Por ahí, la cultura de vanguardia y otras culturas, empresariales o no, en estado más o menos gaseoso, comenzaron a llenar algunos de los huecos que había dejado la liquidación de las ideologías. Los sociólogos se han despachado a gusto sobre el modo en que los ideales colectivos, que un tiempo habían ocupado una parte destacada en la cotidianidad de muchos, iban ahora quedando olvidados, mientras los ciudadanos se concentraban con creciente exclusivismo en los intereses particulares, en el ocio, en la vida privada.

A nosotros nos basta con tomar nota de que hacia el otoño de 1975, y con mas decisión según se fue respirando con más desahogo, también aquí la ideología empezó a ser sustituida como marihuana del pueblo no sólo por el deporte, los viajes y la buena mesa, sino además por las exposiciones, los bellos libros, la ópera, los conciertos... Por el atractivo escaparate, en suma, de una oferta cultural tan variopinta como es viable cuando la riqueza y las conveniencias del mercado se unen a la falta de criterios estéticos tajantes y a la destrucción de la secuencia y la ordenación tradicionales en la percepción de los cambios artísticos. (No quiero darle a este esbozo ningún toque anecdótico entrando en el asunto de la utilización de esa droga blanda por parte del poder, y especialmente de los poderes regionales, en la España de la Constitución).

  —101→  

Así las cosas, si no las masas desmovilizadas, sí amplias capas de los beneficiarios de una educación ahora más extendida y de los damnificados por el desplome de las ideologías prometían ser los consumidores de elección para las literaturas de la posmodernidad. Tanto más, cuanto que los editores estaban descubriendo las posibilidades de someter el libro a los mismos planteamientos comerciales que cualquier otro producto y renovaban las técnicas de producción, los departamentos de promoción y las estrategias de marketing.

Pero esas amplias capas podían ser asimismo lo que ni vanguardistas ni comprometidos ni experimentales habían tenido nunca: lectores, y no únicamente cómplices.

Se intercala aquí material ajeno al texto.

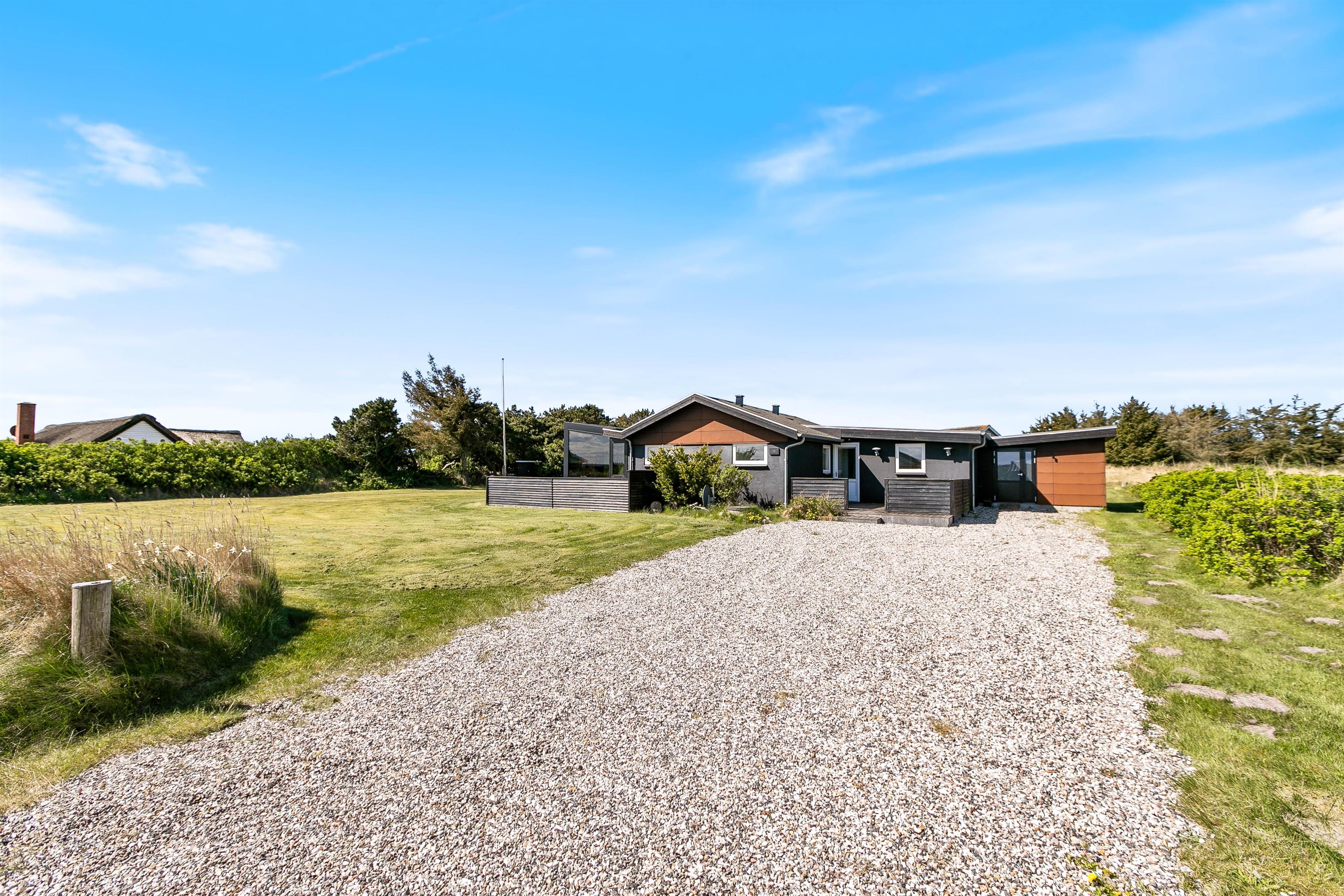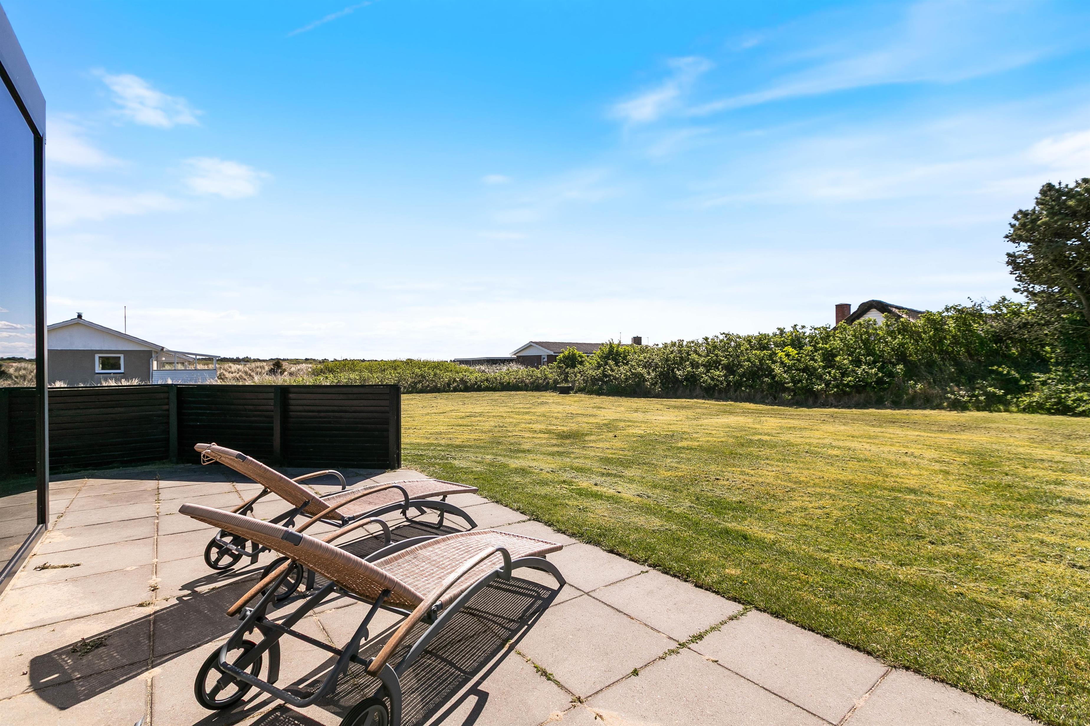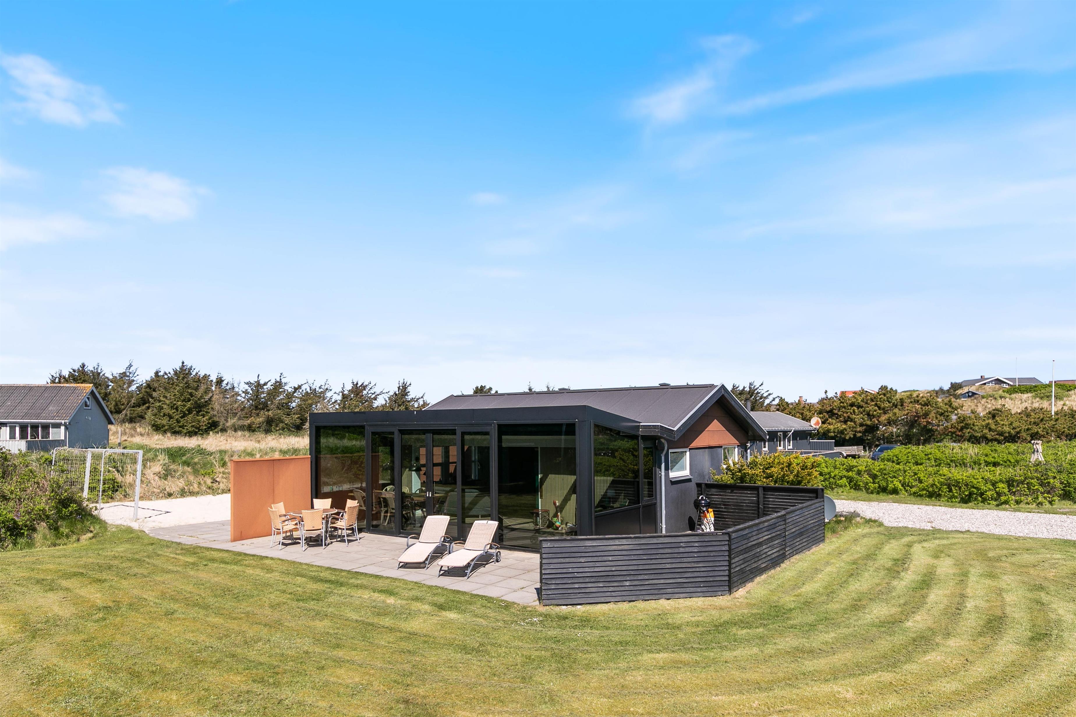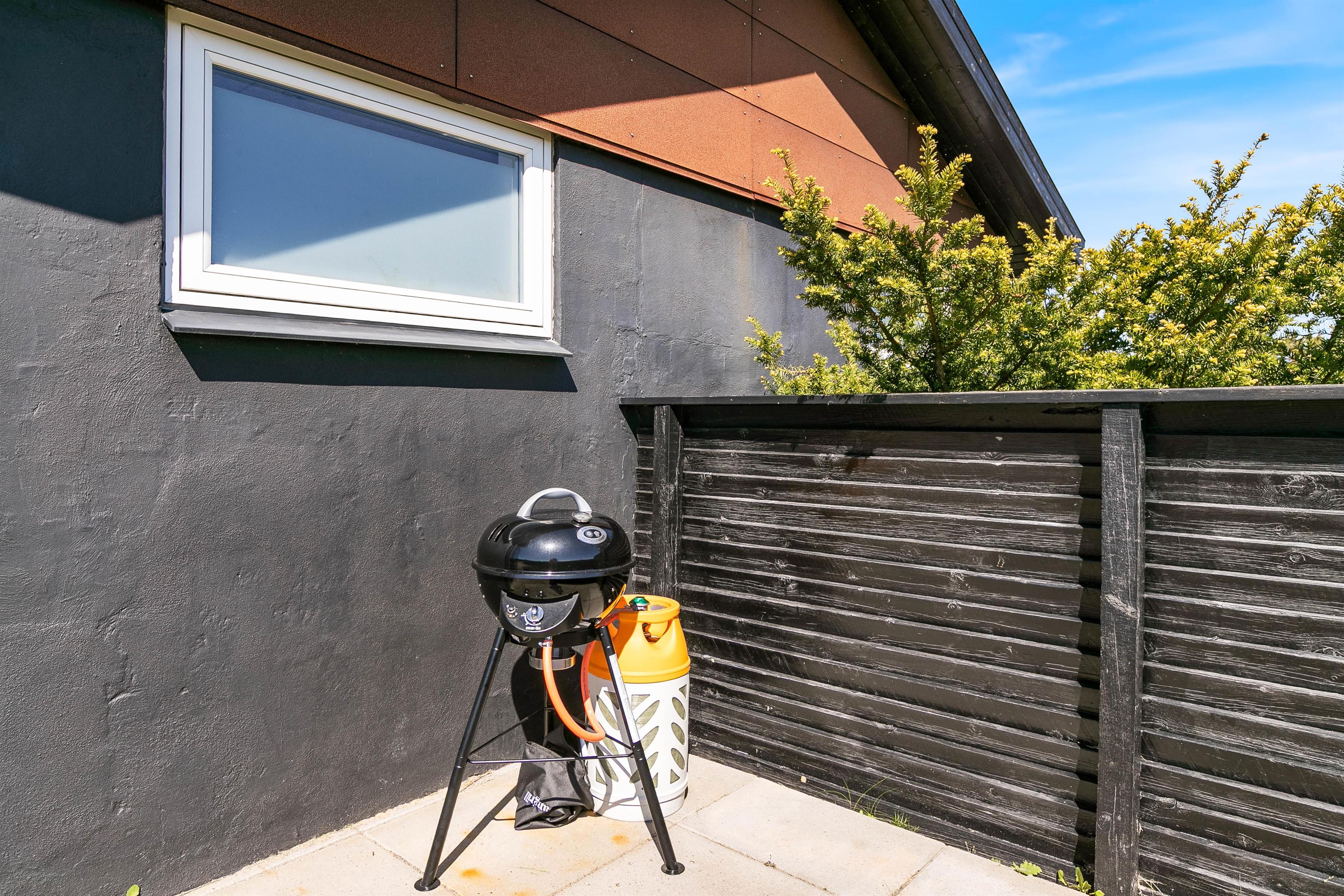 Omgivet af en skøn naturgrund finder i et ideelt miljø til afslapning. Sandet på sommerhusets grund giver de små gæster mulighed for at slå sig løs med at bygge et sandslot, mens I voksne kan slappe af i de behagelige havemøbler. Terrassen indbyder til dejlige sommeraftener hvor I kan tilberede lækre måltider på grillen og bare nyde den friske luft. Med en afskærmet del af terrassen har I også mulighed for at nyde den friske luft og slappe af i private omgivelser.

No es exageración excesiva decir que en 1970 España criaba una literatura sin público. Ganárselo, unos años después, había de parecer una empresa fascinante también literariamente para un escritor digno del nombre.

Por más que enunciados a vuelapluma, pienso que ésos son los antecedentes inmediatos y los factores externos más significativos para comprender a grandes trazos la nueva literatura española. Al esbozárselos, atiendo fundamentalmente a la obra que ha publicado y al sentido en que ha evolucionado en los tres últimos lustros un crecido número de poetas y novelistas que en general andan entre los treinta y los cincuenta años y, con escasas excepciones, nada habían impreso bajo la estaca de Franco. He tomado además particularmente en cuenta el hecho de que las actitudes y preferencias de esos escritores hayan ido siendo compartidas cada vez más resueltamente por otros que sí contaban con una trayectoria anterior, y a menudo de sesgo no poco diverso. Ése es mi horizonte cuando hablo de «nueva literatura española».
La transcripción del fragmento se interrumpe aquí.